> [AIM OF THE EXERCISE]: In the records below, the lines between the one holding "- DVD zu iPad" and the one holding "전화보다 이메일 또는 카카오톡 상담이 더 빠르게 진행될 수 있습니다.", inclusive, are to be transcribed exactly; no pictures are to be included.

**** DATA ****

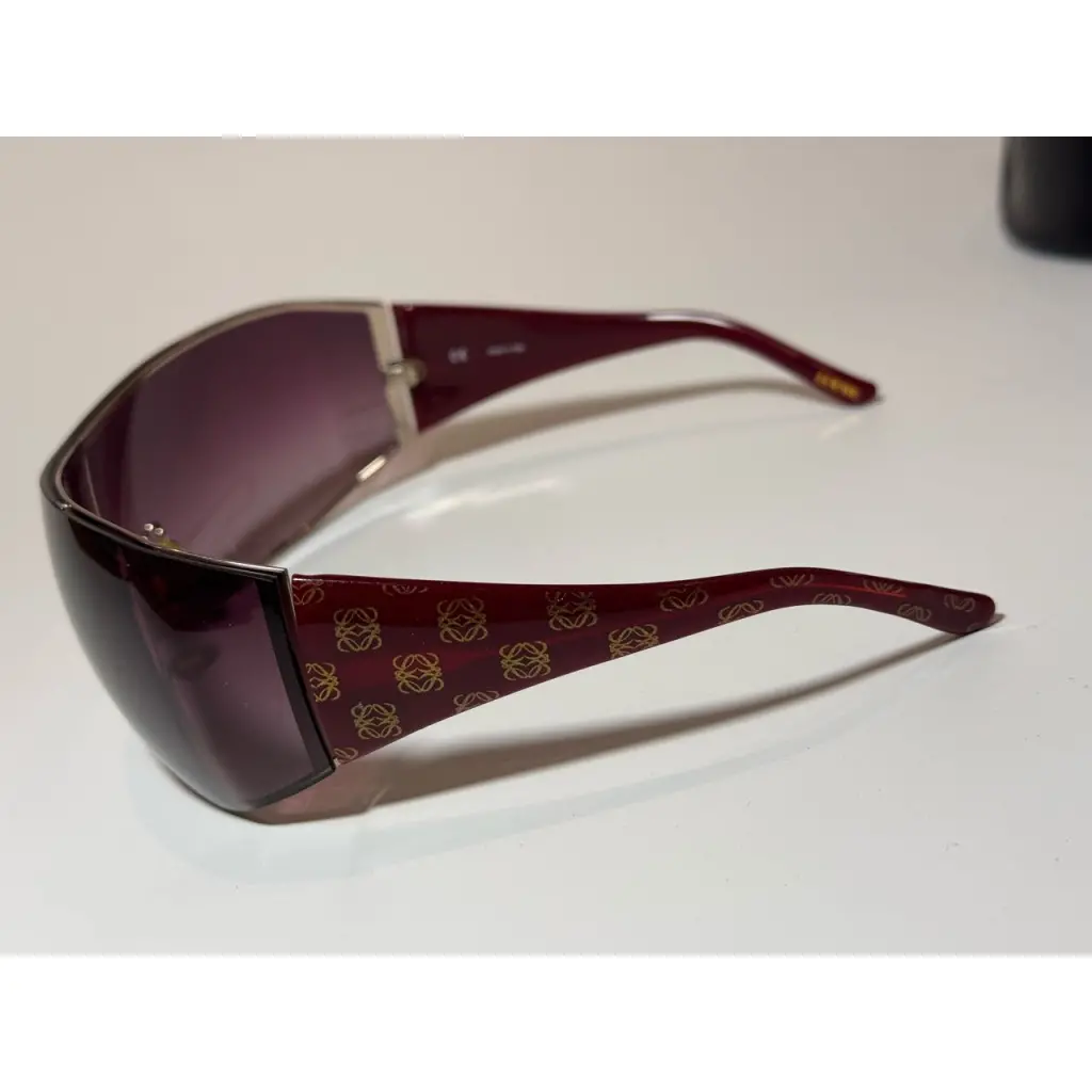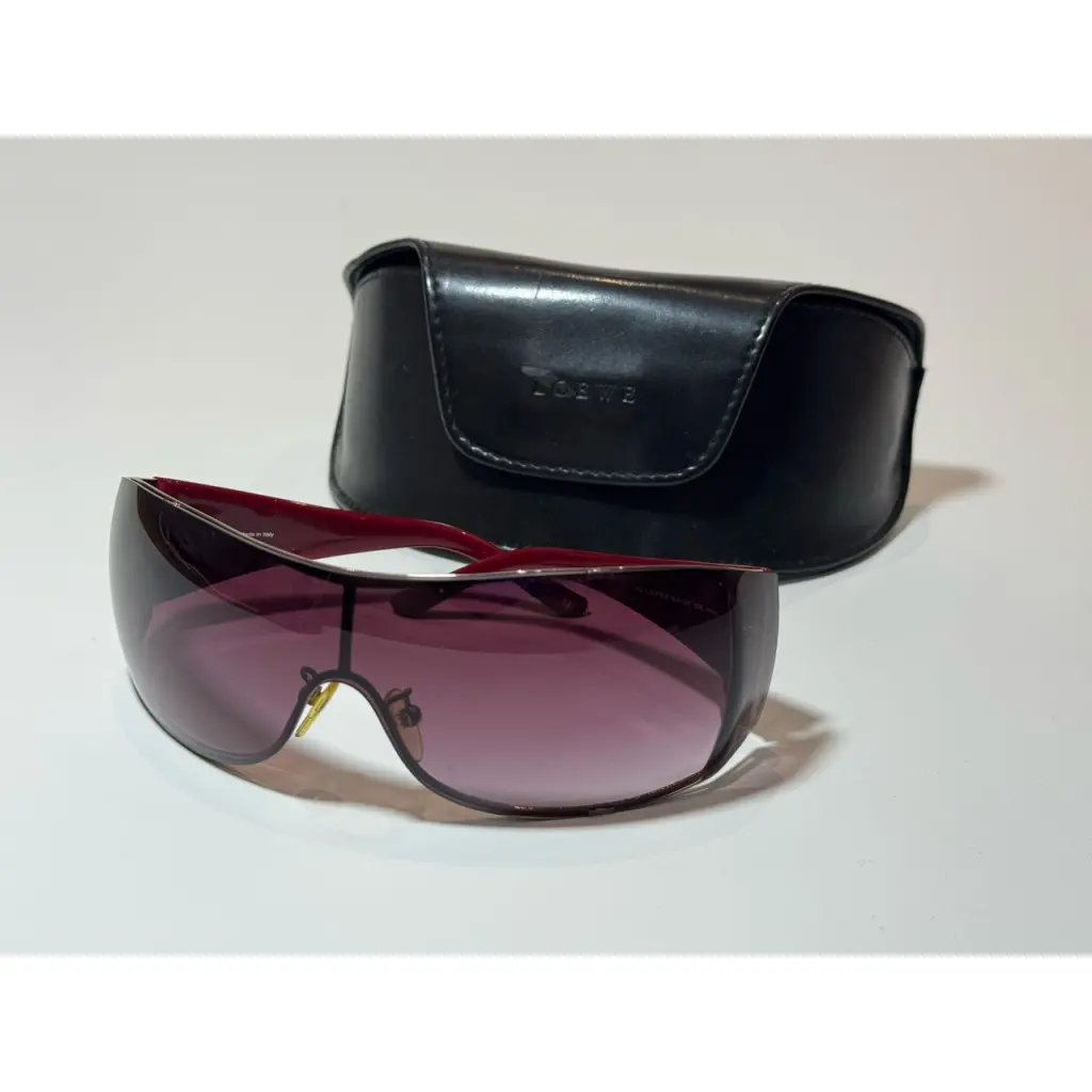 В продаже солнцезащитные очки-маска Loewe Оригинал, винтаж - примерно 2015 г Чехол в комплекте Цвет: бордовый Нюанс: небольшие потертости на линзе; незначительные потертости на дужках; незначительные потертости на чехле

****
**** DATA ****

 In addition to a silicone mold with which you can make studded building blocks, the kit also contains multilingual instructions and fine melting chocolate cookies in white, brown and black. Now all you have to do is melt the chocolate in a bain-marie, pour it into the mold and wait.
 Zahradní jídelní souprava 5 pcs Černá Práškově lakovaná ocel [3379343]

****
**** DATA ****

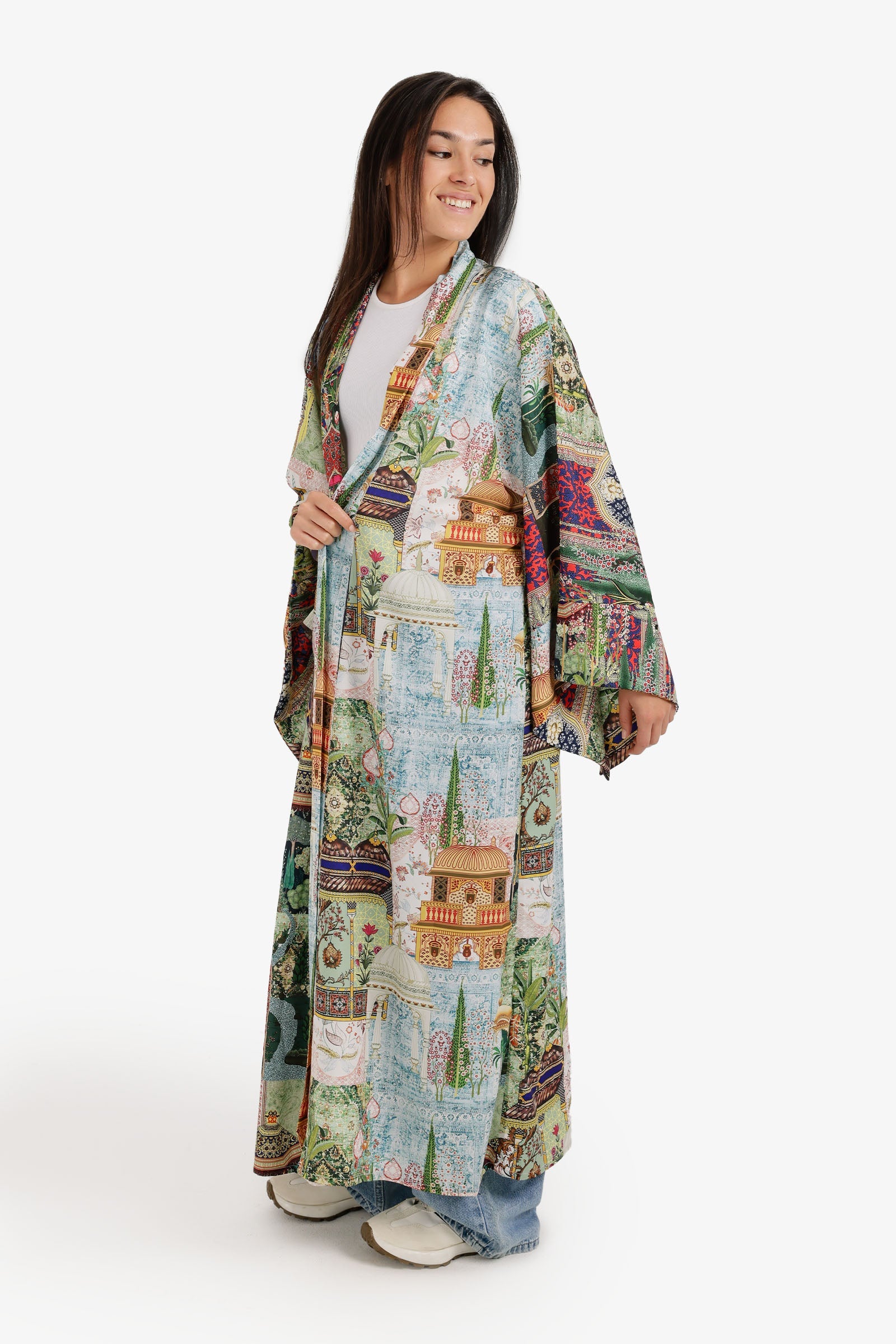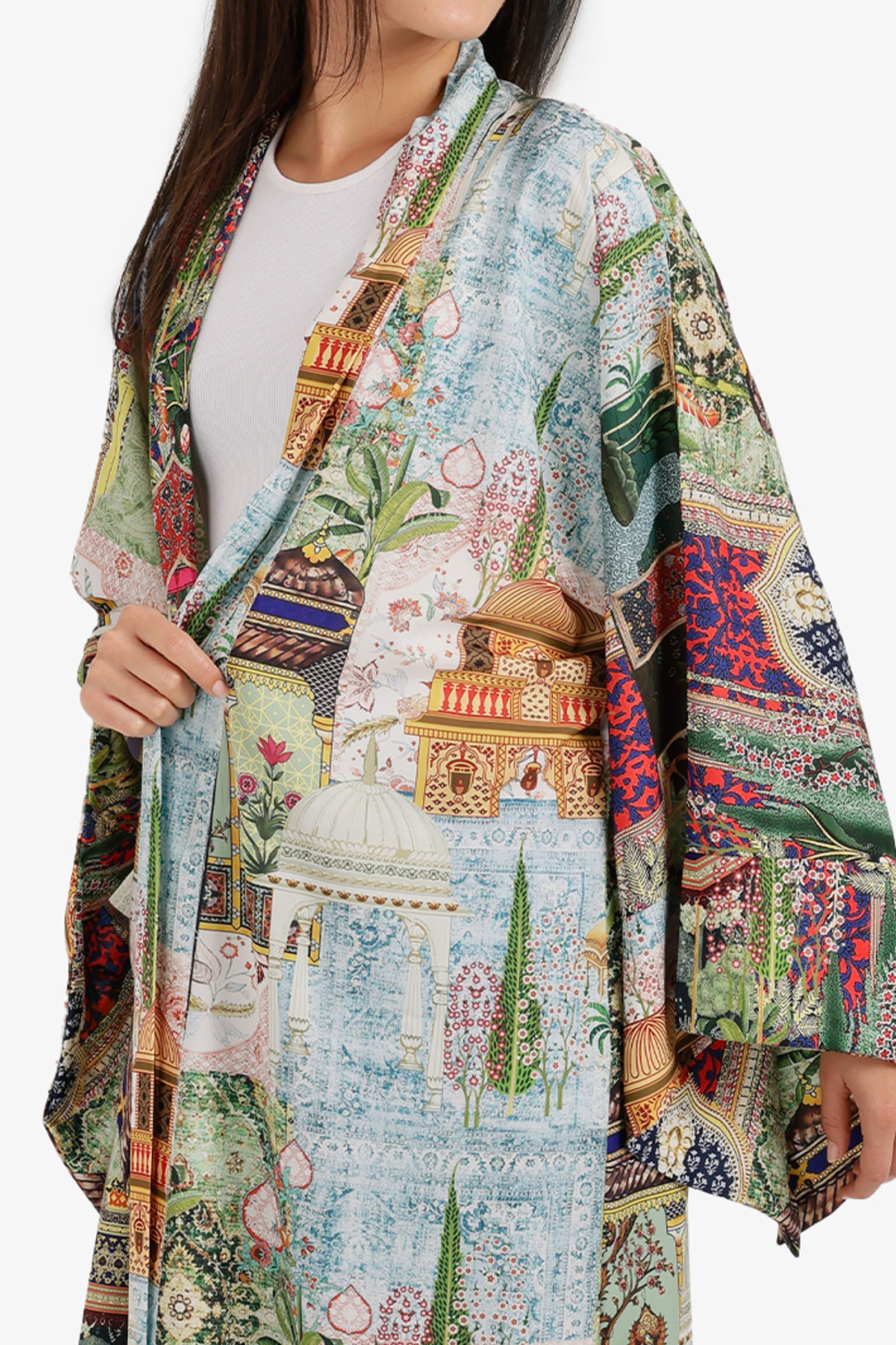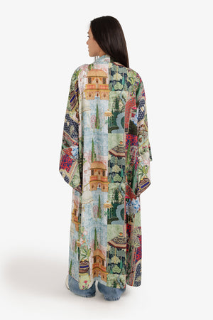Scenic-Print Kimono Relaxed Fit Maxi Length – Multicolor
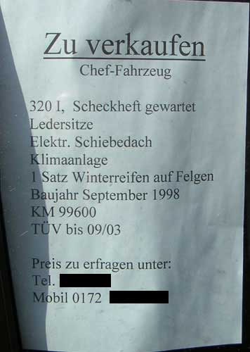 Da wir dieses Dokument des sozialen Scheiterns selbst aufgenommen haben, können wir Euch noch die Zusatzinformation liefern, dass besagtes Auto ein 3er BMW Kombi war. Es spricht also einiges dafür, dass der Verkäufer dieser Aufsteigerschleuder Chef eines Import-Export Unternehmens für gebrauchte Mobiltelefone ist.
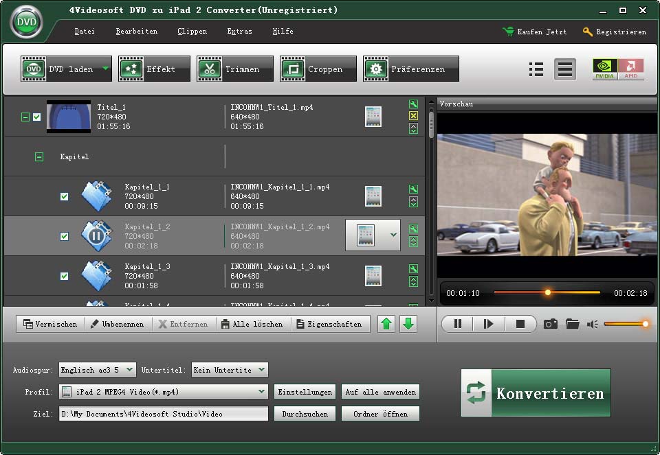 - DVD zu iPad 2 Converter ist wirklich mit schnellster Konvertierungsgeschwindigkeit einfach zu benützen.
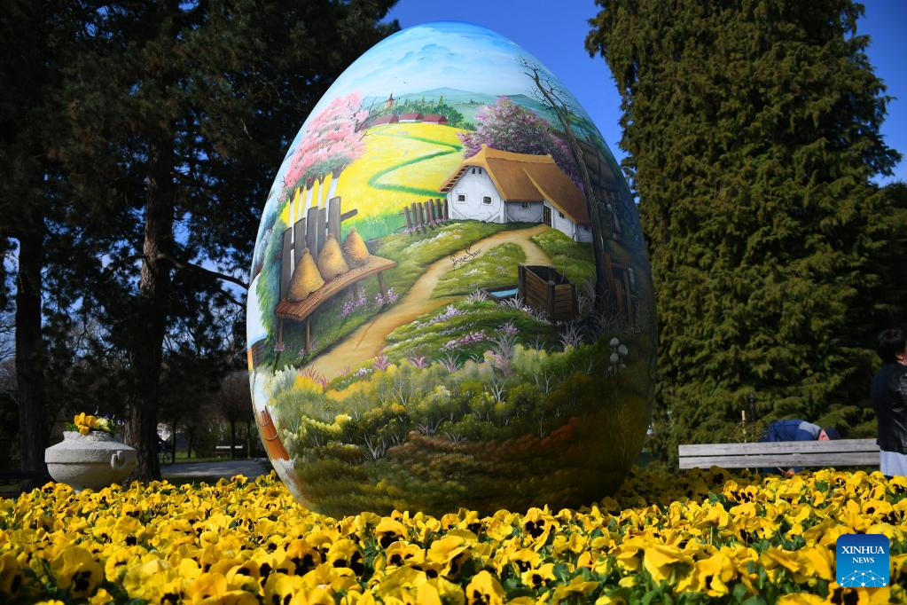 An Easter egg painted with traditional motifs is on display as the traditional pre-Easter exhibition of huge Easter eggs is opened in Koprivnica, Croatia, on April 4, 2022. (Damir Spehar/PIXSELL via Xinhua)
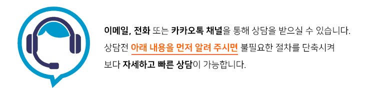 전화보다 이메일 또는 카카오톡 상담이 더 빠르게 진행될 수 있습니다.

****

> [RESULT OF THE TASK]:
 - DVD zu iPad 2 Converter ist wirklich mit schnellster Konvertierungsgeschwindigkeit einfach zu benützen.
 An Easter egg painted with traditional motifs is on display as the traditional pre-Easter exhibition of huge Easter eggs is opened in Koprivnica, Croatia, on April 4, 2022. (Damir Spehar/PIXSELL via Xinhua)
 전화보다 이메일 또는 카카오톡 상담이 더 빠르게 진행될 수 있습니다.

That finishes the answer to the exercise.